In both Python 2.6+ and 3, this type is available as
bytes
.
Ideally, every “stringy” value will explicitly and unambiguously be one of these types (or the native string, below). This means that you need to go through the entire codebase, and decide which value is what type. Unfortunately, this process generally cannot be automated.
We recommend replacing the word “string” in developer documentation (including docstrings and comments) with either “text”/“text string” or “bytes”/“byte string”, as appropriate.
The Native String¶
Additionally, code that supports both Python 2 and 3 in the same codebase can use what is conceptually a third type:
- The native string (
str
) – text in Python 3, bytes in Python 2
Custom __str__
and __repr__
methods and code that deals with
Python language objects (such as attribute/function names) will always need to
use the native string, because that is what each version of Python uses
for internal text-like data.
Developer-oriented texts, such as exception messages, could also be native
strings.
For other data, you should only use the native string if all of the following hold:
- you are working with textual data,
- Under Python 2, each “native string” value has a single well-defined
encoding (e.g.
UTF-8
orlocale.getpreferredencoding()
), and - you do not mix native strings with either bytes or text – always encode/decode diligently when converting to these types.
Native strings affect the semantics under Python 2 as little as possible, while not requiring the resulting Python 3 API to feel bad. But, having a third incompatible type makes the porting process harder. Native strings are suitable mostly for conservative projects, where ensuring stability under Python 2 justifies extra porting effort.
Conversion between text and bytes¶
It is possible to encode()
text to binary data, or
decode()
bytes into a text string, using a particular encoding.
By itself, a bytes object has no inherent encoding, so it is not possible
to encode/decode without knowing the encoding.
It’s similar to images: an open image file might be encoded in PNG, JPG, or another image format, so it’s not possible to “just read” the file without either relying on external data (such as the filename), or effectively trying all alternatives. Unlike images, one bytestring can often be successfully decoded using more than one encoding.
Encodings¶
Never assume a text encoding without consulting relevant documentation and/or researching a string’s use cases. If an encoding for a particular use case is determined, document it. For example, a function docstring can specify that some argument is “a bytestring holding UTF-8-encoded text data”, or module documentation may clarify that „as per RFC 4514, LDAP attribute names are encoded to UTF-8 for transmission“.
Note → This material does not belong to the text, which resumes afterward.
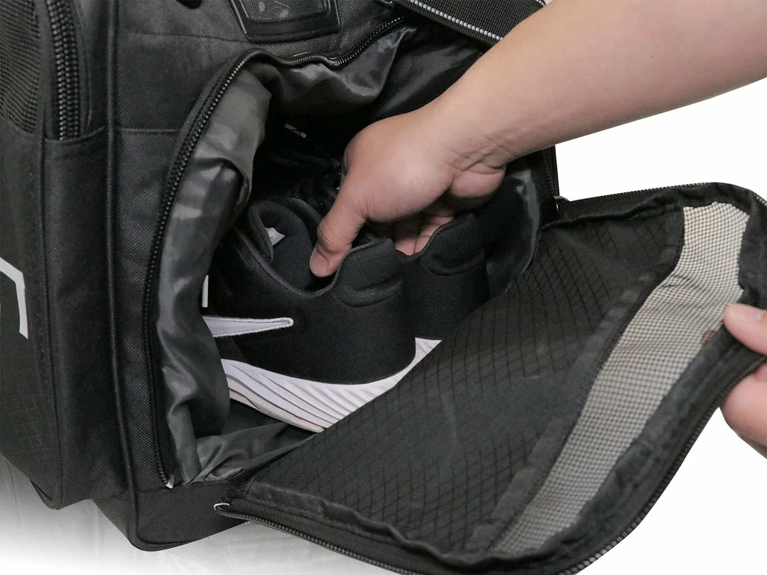 - VENTILATED SHOE COMPARTMENT; Store your athletic shoes separately from the rest of your gear while allowing them to air out to avoid trapping foul odor

Some common text encodings are:
UTF-8
: A widely used encoding that can encode any Unicode text, using one to four bytes per character.UTF-16
: Used in some APIs, most notably Windows and Java ones. Can also encode the entire Unicode character set, but uses two to four bytes per character.ascii
: A 7-bit (128-character) encoding, useful for some machine-readable identifiers such as hostnames ('python.org'
), or textual representations of numbers ('1234'
,'127.0.0.1'
). Always check the relevant standard/protocol/documentation before assuming a string can only ever be pure ASCII.locale.getpreferredencoding()
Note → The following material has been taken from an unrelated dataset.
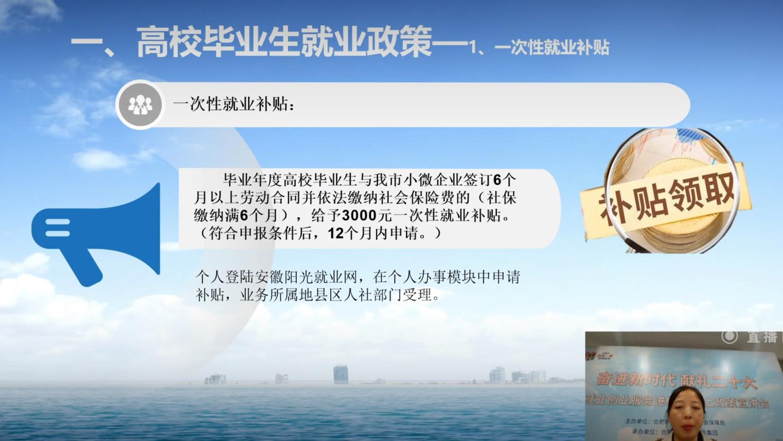 本网讯(通讯员:龚宛琦)为推进2023届毕业生充分就业,为广大毕业生提供高效、便捷、精准的就业创业政策服务,10月12日19:00,我校开展了“奋进新时代,献礼二十大”就业创业政策进校园专题讲座,本次讲座由合肥市人力资源和社会保障局就业促进和失业保险处王梅主任与省“启明星”就业指导专家团成员周虎律师担任主讲,1000余名2023届毕业生在线观看。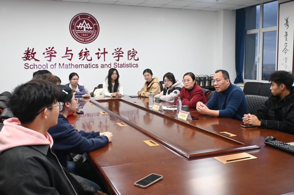 此次交流重点聚焦新生学习适应及学业发展规划等内容。与会学生就核心课程学习、教材适配性、学生保研、跨专业考研等问题进行了提问。齐海涛以自身观察的高校学生学习案例切入,结合数学学科特点,强调夯实数学分析、高等代数等基础课程的重要性,建议学生通过“先吃透课本再拓展习题”的方式巩固知识,同时提醒学生理性看待学业竞争,在努力追赶的同时学会接纳自身节奏。亓兴勤介绍了新生研讨课、跨校区优质课程共享、数学建模竞赛等资源的参与路径,鼓励学生以赛促学,积极组队,通过课程学习、学长交流筛选兴趣一致、能力互补的队友。现场还就学生关心的其他问题进行了解答和反馈。

: The “preferred encoding” for command-line arguments, environment variables, and terminal input/output.
If you are choosing an encoding to use – for example, your application
defines a file format rather than using a format standardized externally –
consider UTF-8
.
And whatever your choice is, explicitly document it.
Conversion to text¶
There is no built-in function that converts to text in both Python versions.
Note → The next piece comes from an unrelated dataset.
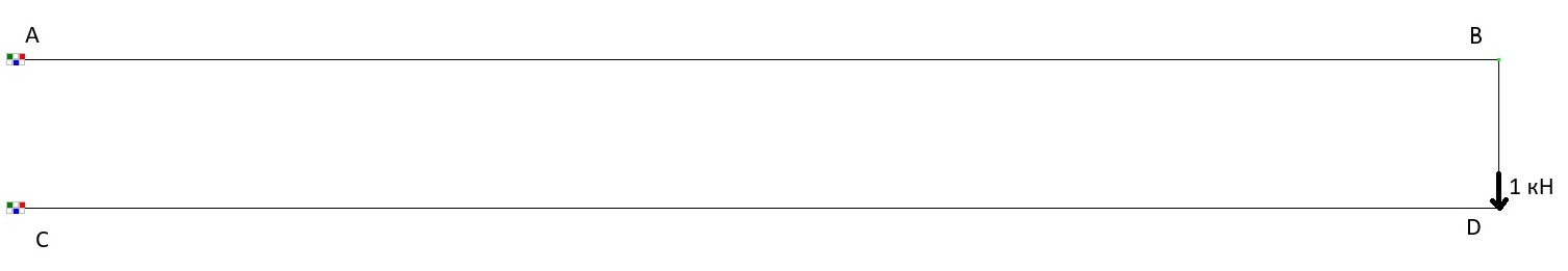 Жорсткість горизонтальних і вертикального стержнів на розтяг-стиск (E*A) прийнята зі значеннями 1,0 * 1012 Н, жорсткість вертикального стержня на згин (E*I) прийнята зі значенням 1,0 * 1012 Н*м2.

The six library provides six.text_type
, which is fine if it
appears once or twice in uncomplicated code.
For better readability, we recommend using unicode
,
which is unambiguous and clear, but it needs to be introduced with the
following code at the beginning of a file:
try:
# Python 2: "unicode" is built-in
unicode
except NameError:
unicode = str
Conversion to bytes¶
There is no good function that converts an arbitrary object to bytes,
as this operation does not make sense on arbitrary objects.
Depending on what you need, explicitly use a serialization function
(e.g. pickle.dumps()
), or convert to text and encode the text.
String Literals¶
- Fixer: None
- Prevalence: Very common
Quoted string literals can be prefixed with b
or u
to get bytes or
text, respectively.
These prefixes work both in Python 2 (2.6+) and 3 (3.3+).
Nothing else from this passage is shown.